Ironically, for Israel, even the "successful" fourth possibility could prove catastrophic.
This sober reasoning should bring to mind the closely related matter of Israel's "bomb in the basement," or deliberate nuclear ambiguity. The credibility of Israel's still hidden or opaque nuclear deterrent must depend, in some measure, on the perceived usability of its nuclear arsenal. Should Israel's own nuclear weapons be perceived by prospective attackers as very high-yield, inherently indiscriminate, city-busting (counter-value) weapons, rather than as minimal-yield, "war-fighting" (counterforce) weapons, may not deter.
Ironically, and contrary to prevailing conventional wisdom on the subject, successful Israeli nuclear deterrence could sometime vary inversely with perceived destructiveness.
Going forward, this means that Israel's nuclear deterrent will require not only recognizably secure second-strike forces, but also weapons that could reasonably be used in war. It also implies that any continued Israeli policy of "deliberate ambiguity" could encourage certain erroneous calculations by prospective attackers. On one occasion or another, such an outdated and unsystematic policy could fully undermine Israel's nuclear deterrent.
In the very worst case scenario, such a policy could effectively invite a second Auschwitz.
In all matters of Israeli nuclear deterrence, it must never be overlooked that enemy perceptions will be most important in Jerusalem. By insistently keeping its nuclear doctrine and capacity in the "basement," Israel could unknowingly contribute to an impression among regional enemies that its nuclear weapons are not operationally usable. In these fully believable circumstances, certain increasingly recalcitrant enemies, now unconvinced of Israel's alleged willingness to actively employ its nuclear weapons, could accept the presumed cost-effectiveness of striking first themselves.
For Israel, this would not be a sustainable condition. It could also represent an "Auschwitz II" scenario.
For any enemy aggressor, this sort of acceptance could well be an irremediable error. Nonetheless, it could prove equally devastating to Israel. Here, in other words, and as a direct result of specific enemy miscalculations, everyone would still lose.
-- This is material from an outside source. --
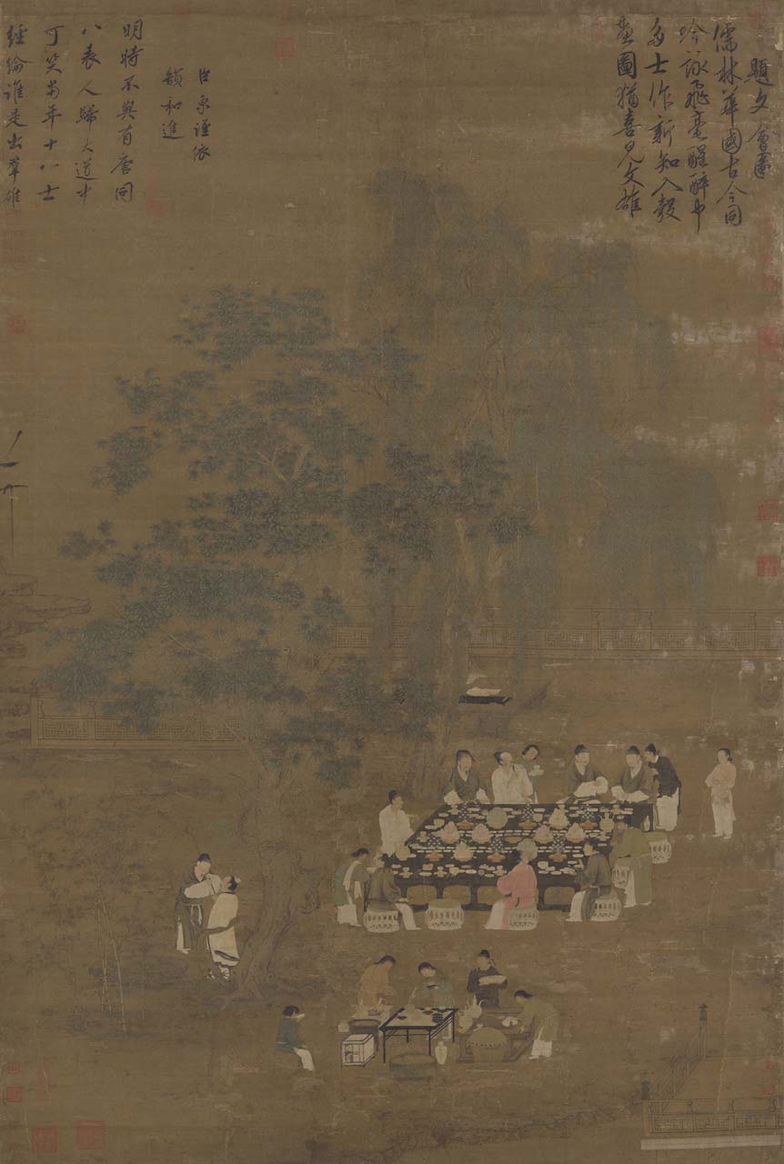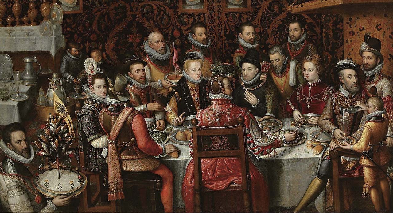 宴飲也是政治,阿隆索.柯也洛(Alonso Sánchez Coello)的作品《君主的宴會》(The Banquet of the Monarchs)標誌著歐洲哈布斯堡王權的力量、血脈和勢力的拓展,一如清代姚文瀚《紫光閣賜宴圖》顯露著皇權的至高性。宴飲甚至可以是宗教與犧牲的,「最後的晚餐」那無數藝術家描繪過的場景,一再地重演著關於「犧牲」的預示以及人性的盲目、謊言、驚恐和惶惑,於是「同桌共食」有了全新的意義。梵谷(Vincent van Gogh)的《食薯者》(The Potato Eaters)將勞動者那令人動容的誠摯與辛勞,在宛若聖光的油燈前、共食的那一刻,構成了對生活與生命的深刻反思。

In tangibly human terms, what precisely would this thoroughly generalized loss mean? To begin, if aggressor states were correct in rendering just such a calculation, Israel could then be overrun. If these states were incorrect in their reckoning, all states in the region, including Israel, could then suffer the grievous consequences of multiple nuclear weapons detonations. Within the directly affected areas, thermal radiation, nuclear radiation, and blast damage could generate utterly unprecedented levels of death and devastation.
For anything new to be born out of such widespread destruction, a determined gravedigger would need to use forceps.
A nuclear war would not respect political boundaries. Because of the particular manner in which nuclear explosions behave in the atmosphere, the altitude reached by the mushroom-shaped cloud would depend primarily upon the force of the explosion.